This project uses the 1 million playlist data set: https://recsys-challenge.spotify.com/
Since the data set is ~70 million rows, and cannot all be easily managed on our local machines, so we've decided to use GCP (Google Cloud Developer) platform to help us manage our data. First, we uploaded the CSVs into a private GCP storage bucket, and from there sent the data to BigQuery, GCP's distributed database, which will allow us to query the data however we like.
Here's the interface (you need access): https://console.cloud.google.com/bigquery?folder=&organizationId=&project=spotted-d&p=spotted-d&d=playlist_songs&t=playlist_songs&page=table
From here, we can retrieve, query, join, and manipulate the entirety of the dataset however we like. Please follow the instructions below in this notebook to set up your Jupyter so that it can query directly from GCP.

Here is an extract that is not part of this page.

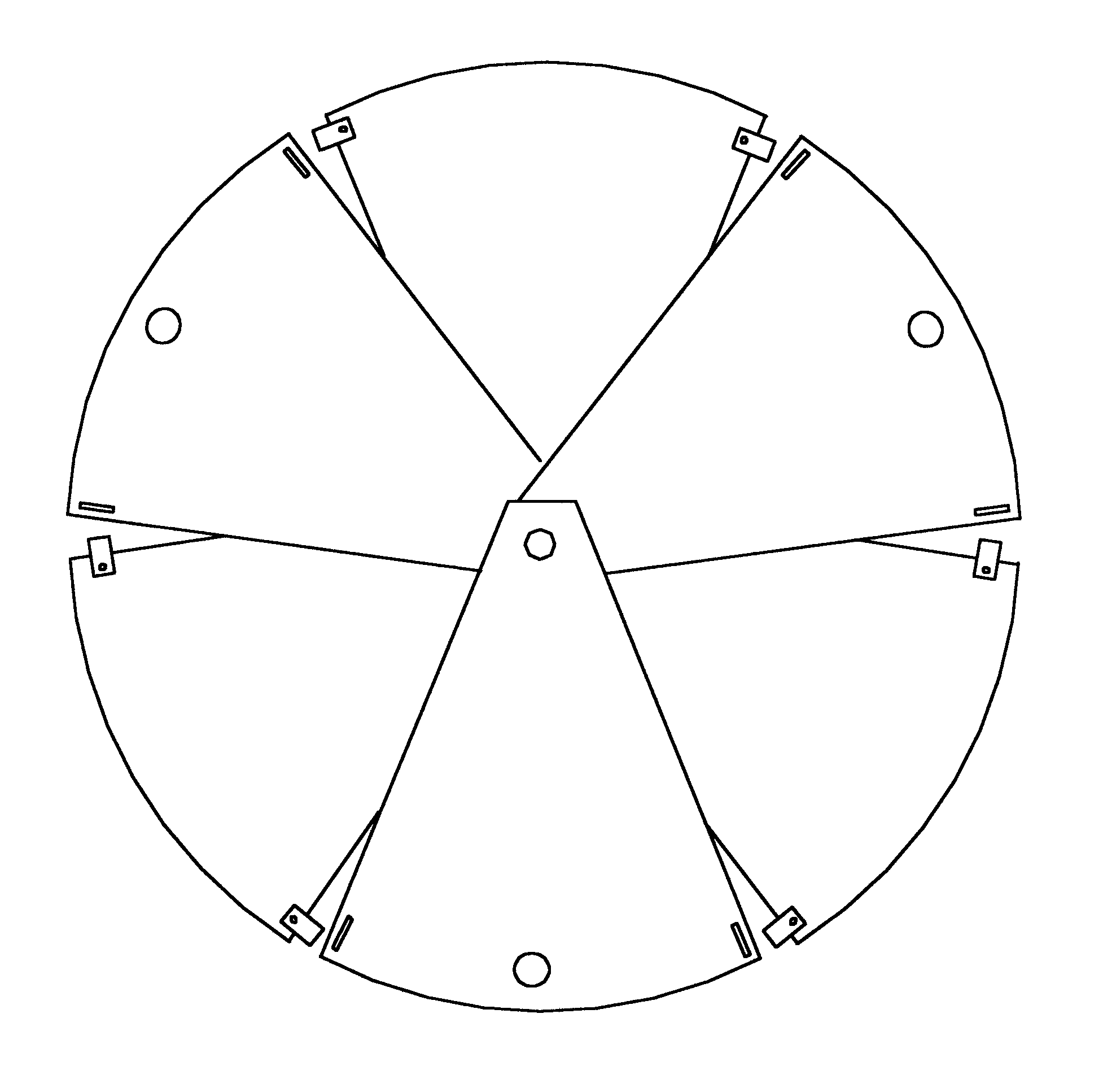 There are four basic components to the firepit: the bowl, the tripod, the cooking grill, and the coal grate. To set up the bowl, spread out the petals to form a circle, as shown at left. You will notice that half the petals have a clip on each side. The other half of the petals will have a slot on each side. Arrange the petals so that the two types alternate. Now clip the petals together by allowing the clip to fit into the slot on the adjacent petal. You will find that, to slip the last clip into the last slot, you'll have to force the two petals closer together. (You may find this easiest to do by tipping the bowl onto its side.) This tension helps keep the bowl assembled.

The following setup should take just a few minutes, and allow you to import all the data into an EDA notebook.
Go to https://console.cloud.google.com/iam-admin/serviceaccounts?project=spotted-d. Once you are on this page, go to the "actions" tab, where there will be a drop-down indicated by three dots on the right-most part of the corresponding account. Click "Create Key" which will download a key for you somewhere on your local machine. Save it somewhere safe. :-)
If you plan to store it on this git project, make sure to put in a folder that is git-ignored so that we don't push it up to Github. If you create a directory called "config" under the top-level directory of this repository and stick your service key in there, it should be automatically git-ignored.
If you are using Mac, just run this on your command line:
export GOOGLE_APPLICATION_CREDENTIALS="[PATH]"
If you are using Windows:
$env:GOOGLE_APPLICATION_CREDENTIALS="[PATH]"
For more info, see below:
https://cloud.google.com/docs/authentication/getting-started#auth-cloud-implicit-python
It might be worth it to add this export line to your bash profile.
Run this on your terminal:
pip install --upgrade google-cloud-bigquery[pandas]
For more on the above two steps, you can check out the GCP documentation: https://cloud.google.com/bigquery/docs/visualize-jupyter
%load_ext google.cloud.bigquery